(Dataset records)
+===+

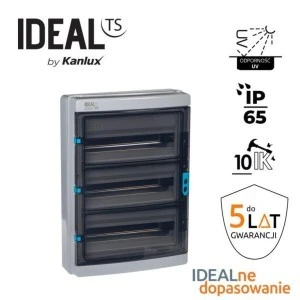 Rozdzielnica serii, Długość [mm]: 595, Szerokość [mm]: 150, Wysokość [mm]: 415, Klasa ochronności przed porażeniem elektrycznym: II, Kolor: szary, Liczba modułów: 3x18P, Miejsce montażu: do nadbudowania na ścianie, Miejsce zastosowania: wewnątrz i na zewnątrz, Napięcie znamionowe [V]: 1500 AC; 1500 DC, Stopień IK: 10, Stopień IP: 65, Zakres temperatury otoczenia, na którą może być narażony wyrób [°C]: -25+40, Norma: PN-EN 62208, Liczba rzędów: 3.
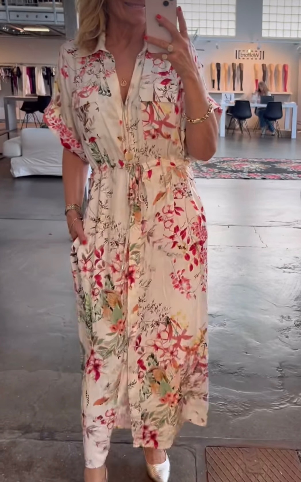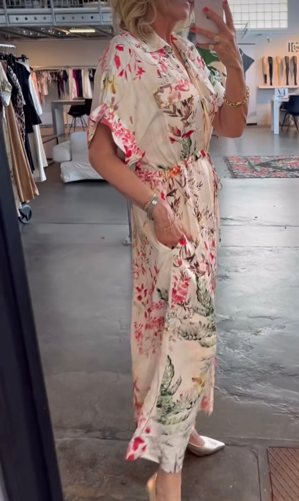 Skønneste blomstrede kjole fra Imperial. Kjolen er lang, i et smukt hvidt og multifarvet blomstret print. Kjolen er lang, med knaplukning hele vejen ned og snører i taljen. Kjolen har mellemkorte ærmer og en v-udskæring. Kjolen har sidelommer.
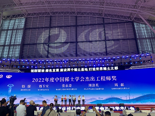 中国工程院院士干勇、王海舟分别作了题为《开创我国稀土技术创新和产业发展的新局面》 《质量基础支撑全产业链高质量发展》的大会报告。会议颁发了2022年度稀土科学技术奖、2022年度中国稀土学会杰出工程师奖,其中,有研稀土与甘肃稀土等共同完成的“稀土湿法冶炼过程中钙离子定向富集去除技术开发及产业化”项目获得稀土科学技术一等奖,有研稀土张永奇正高级工程师荣获2022年度中国稀土学会杰出工程师奖。
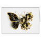 Goldener Schmetterling mit schwarzem Schmuckorchid, mit goldenen Blätter auf weißem Hintergrund dekoriert.
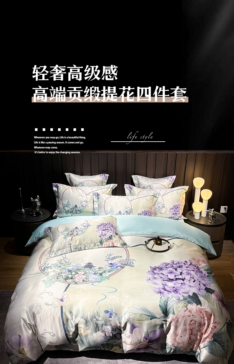 (总)七夜居 2025新款欧式轻奢高精密色织贡缎提花四件套礼盒装,一曲,繁茂,飞绒落羽,幻境,莫离,踏山河,波尔塔,长相思,莱肯,摩登都市,海蓝之心,锦绣年华,牡丹盛世,牡丹之歌,一叶知秋
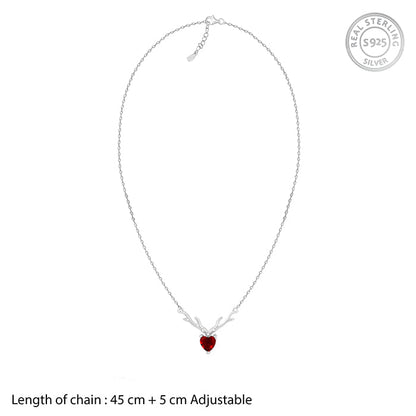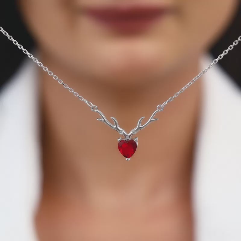 The Silver Deer Heart in Red Necklace is inspired by the beauty and elegance of the deer.
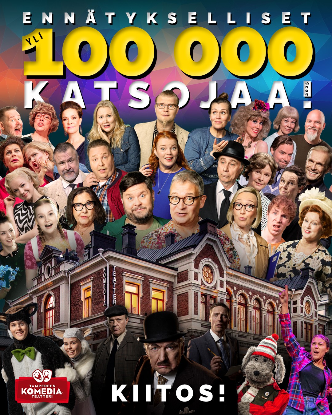 Vuonna 2025 Komediateatterissa vieraili ennätykselliset yli 100 000 katsojaa, ja olemme siitä sydämellisesti kiitollisia.
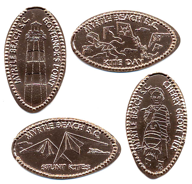 Moved 1 designs - all say "Myrtle Beach" Machine on the sidewalk. Takes 2 quarters and a penny.

+===+

• Instructions for the task: Pictures are to be excluded; the records themselves are to be reproduced exactly.

• Task output:
 Rozdzielnica serii, Długość [mm]: 595, Szerokość [mm]: 150, Wysokość [mm]: 415, Klasa ochronności przed porażeniem elektrycznym: II, Kolor: szary, Liczba modułów: 3x18P, Miejsce montażu: do nadbudowania na ścianie, Miejsce zastosowania: wewnątrz i na zewnątrz, Napięcie znamionowe [V]: 1500 AC; 1500 DC, Stopień IK: 10, Stopień IP: 65, Zakres temperatury otoczenia, na którą może być narażony wyrób [°C]: -25+40, Norma: PN-EN 62208, Liczba rzędów: 3.
 Skønneste blomstrede kjole fra Imperial. Kjolen er lang, i et smukt hvidt og multifarvet blomstret print. Kjolen er lang, med knaplukning hele vejen ned og snører i taljen. Kjolen har mellemkorte ærmer og en v-udskæring. Kjolen har sidelommer.
 中国工程院院士干勇、王海舟分别作了题为《开创我国稀土技术创新和产业发展的新局面》 《质量基础支撑全产业链高质量发展》的大会报告。会议颁发了2022年度稀土科学技术奖、2022年度中国稀土学会杰出工程师奖,其中,有研稀土与甘肃稀土等共同完成的“稀土湿法冶炼过程中钙离子定向富集去除技术开发及产业化”项目获得稀土科学技术一等奖,有研稀土张永奇正高级工程师荣获2022年度中国稀土学会杰出工程师奖。
 Goldener Schmetterling mit schwarzem Schmuckorchid, mit goldenen Blätter auf weißem Hintergrund dekoriert.
 (总)七夜居 2025新款欧式轻奢高精密色织贡缎提花四件套礼盒装,一曲,繁茂,飞绒落羽,幻境,莫离,踏山河,波尔塔,长相思,莱肯,摩登都市,海蓝之心,锦绣年华,牡丹盛世,牡丹之歌,一叶知秋
 The Silver Deer Heart in Red Necklace is inspired by the beauty and elegance of the deer.
 Vuonna 2025 Komediateatterissa vieraili ennätykselliset yli 100 000 katsojaa, ja olemme siitä sydämellisesti kiitollisia.
 Moved 1 designs - all say "Myrtle Beach" Machine on the sidewalk. Takes 2 quarters and a penny.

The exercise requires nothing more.